EXERCISE DIRECTIONS
Below is a listing with pictures in it; transcribe exactly the lines from the one that has "The Queen of" through the one that has "2020上册五年级英语冀教版 Unit 4 考点过关综合突破卷", and omit those pictures.

MATERIALS PROVIDED
● ● ● ● ●
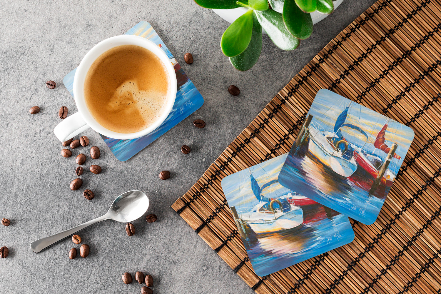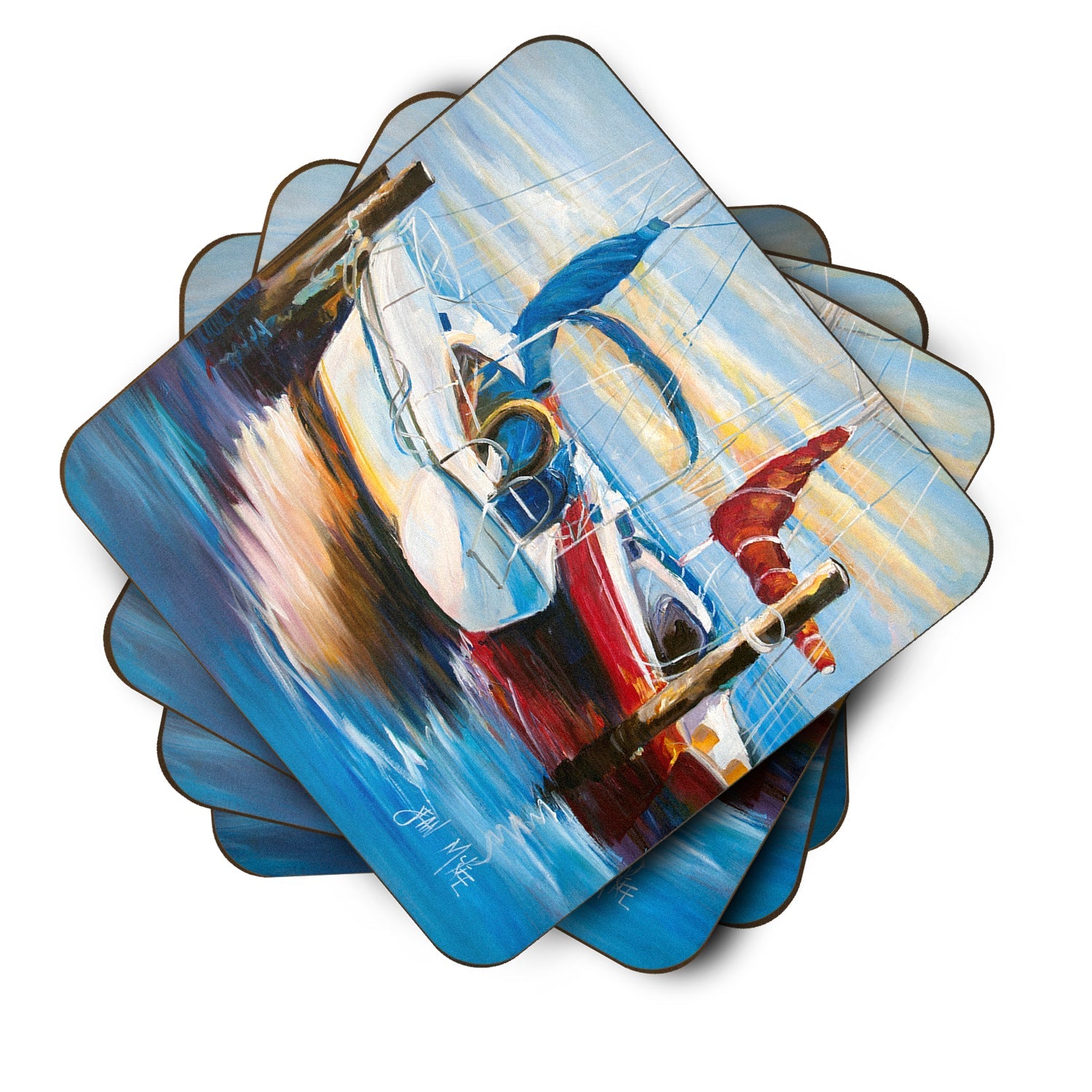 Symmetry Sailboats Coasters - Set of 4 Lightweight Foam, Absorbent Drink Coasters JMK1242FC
● ● ● ● ●
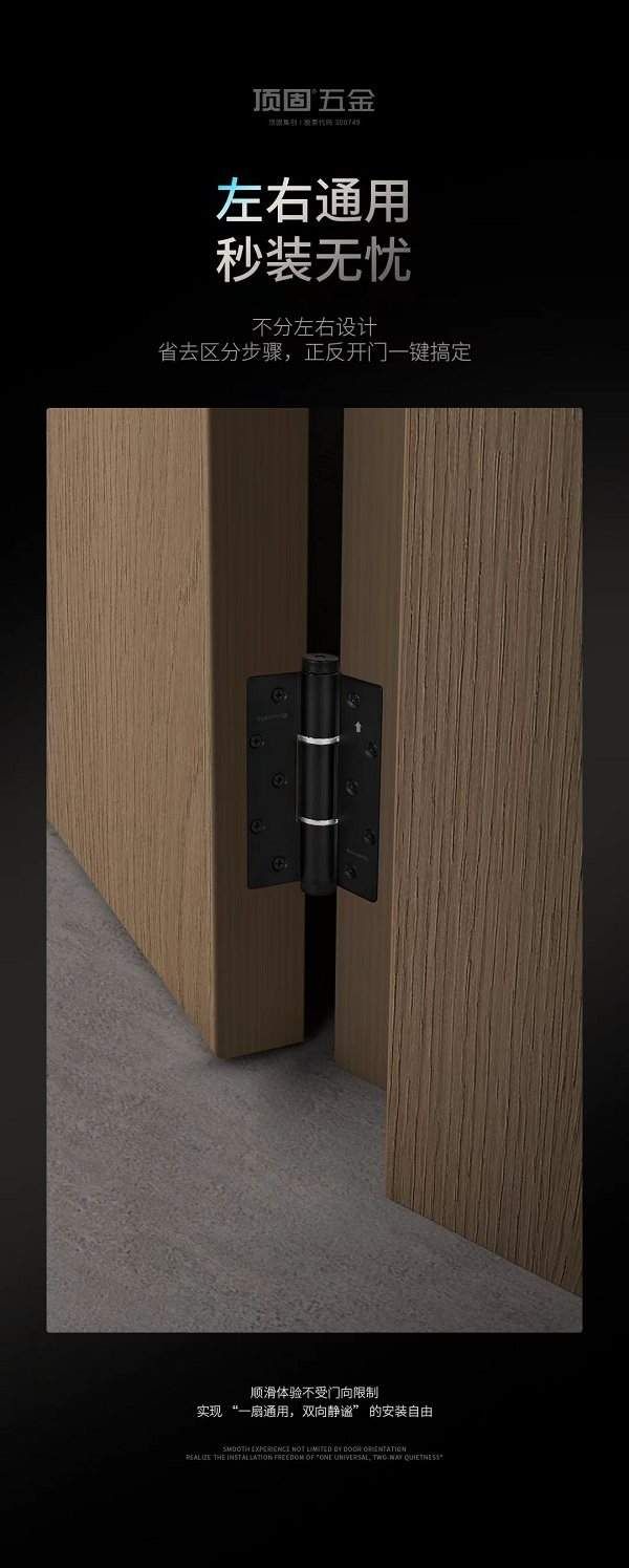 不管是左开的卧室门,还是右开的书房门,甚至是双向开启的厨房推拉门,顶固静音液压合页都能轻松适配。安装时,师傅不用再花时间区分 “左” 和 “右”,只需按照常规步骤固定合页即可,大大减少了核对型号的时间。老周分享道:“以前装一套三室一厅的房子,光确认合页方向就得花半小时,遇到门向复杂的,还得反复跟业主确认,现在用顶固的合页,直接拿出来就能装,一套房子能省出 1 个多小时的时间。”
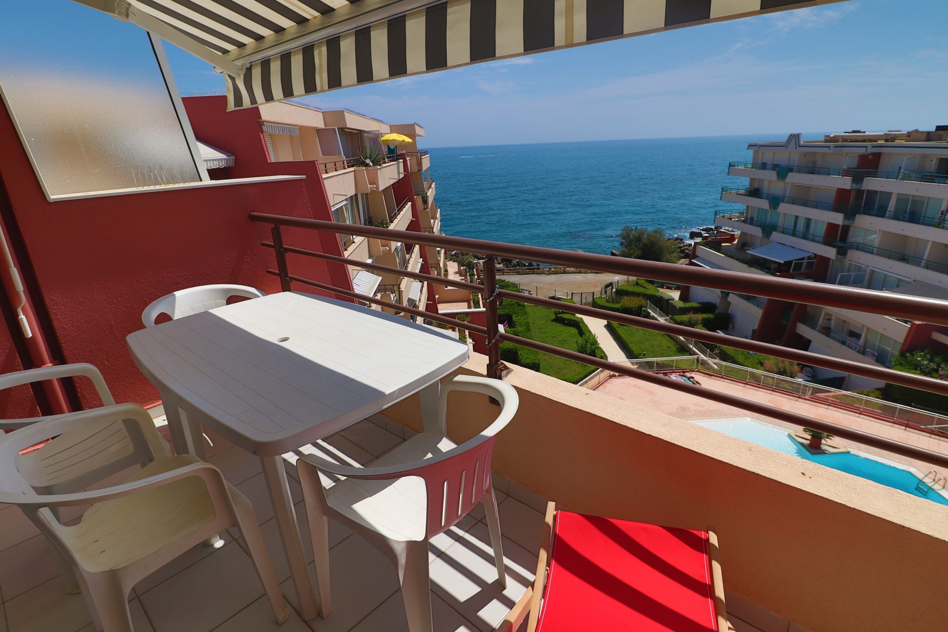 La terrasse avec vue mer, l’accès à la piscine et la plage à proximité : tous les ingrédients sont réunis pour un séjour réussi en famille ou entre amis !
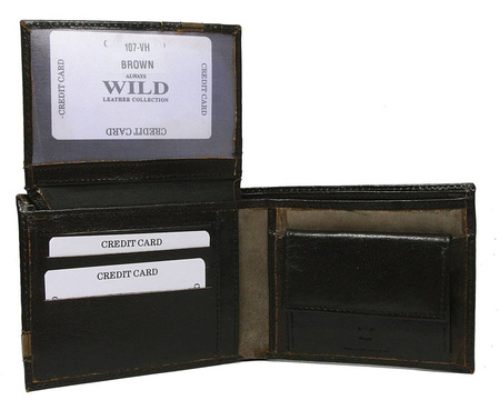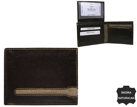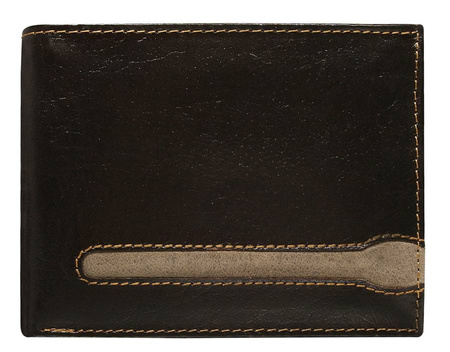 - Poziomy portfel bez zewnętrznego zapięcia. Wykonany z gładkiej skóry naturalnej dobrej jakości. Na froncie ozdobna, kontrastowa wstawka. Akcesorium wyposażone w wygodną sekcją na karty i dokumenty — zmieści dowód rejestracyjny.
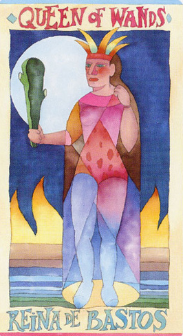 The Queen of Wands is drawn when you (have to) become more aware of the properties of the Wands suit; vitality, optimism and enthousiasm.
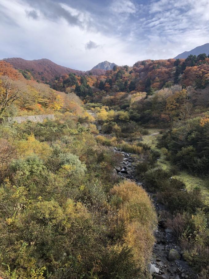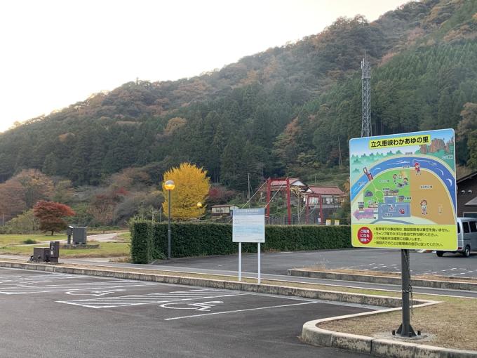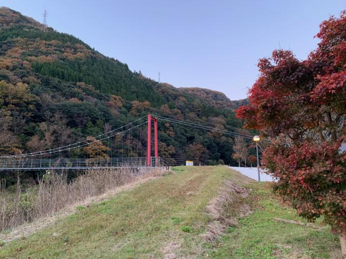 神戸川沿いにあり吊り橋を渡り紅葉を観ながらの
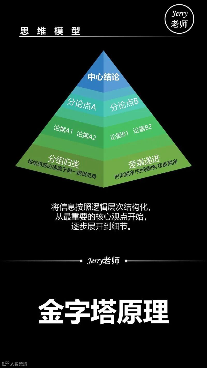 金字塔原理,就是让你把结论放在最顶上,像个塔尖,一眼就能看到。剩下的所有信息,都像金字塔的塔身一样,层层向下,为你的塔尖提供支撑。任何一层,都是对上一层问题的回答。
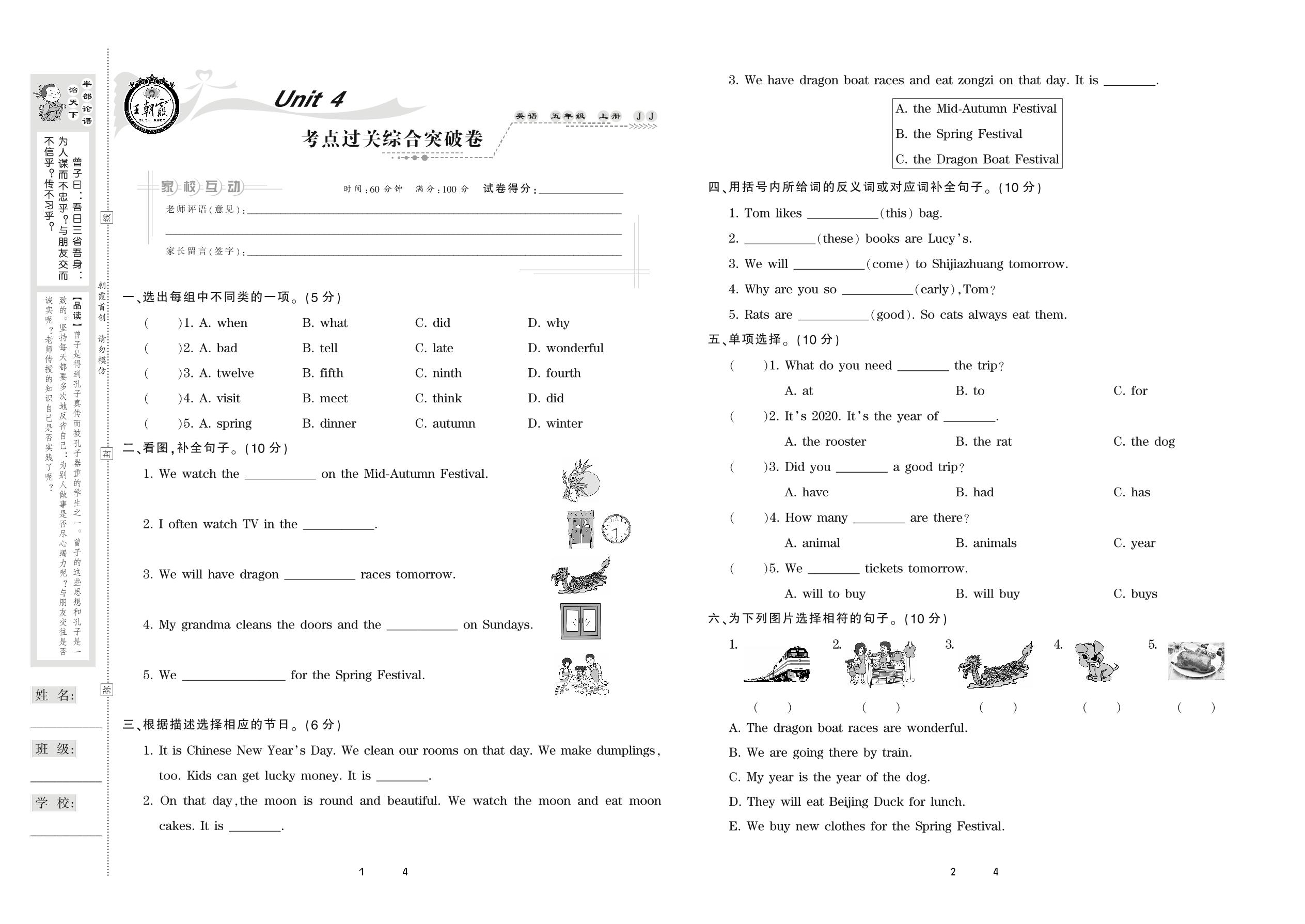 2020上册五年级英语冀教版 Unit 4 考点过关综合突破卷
● ● ● ● ●
RESULT OF THE TASK
 The Queen of Wands is drawn when you (have to) become more aware of the properties of the Wands suit; vitality, optimism and enthousiasm.
 神戸川沿いにあり吊り橋を渡り紅葉を観ながらの
 金字塔原理,就是让你把结论放在最顶上,像个塔尖,一眼就能看到。剩下的所有信息,都像金字塔的塔身一样,层层向下,为你的塔尖提供支撑。任何一层,都是对上一层问题的回答。
 2020上册五年级英语冀教版 Unit 4 考点过关综合突破卷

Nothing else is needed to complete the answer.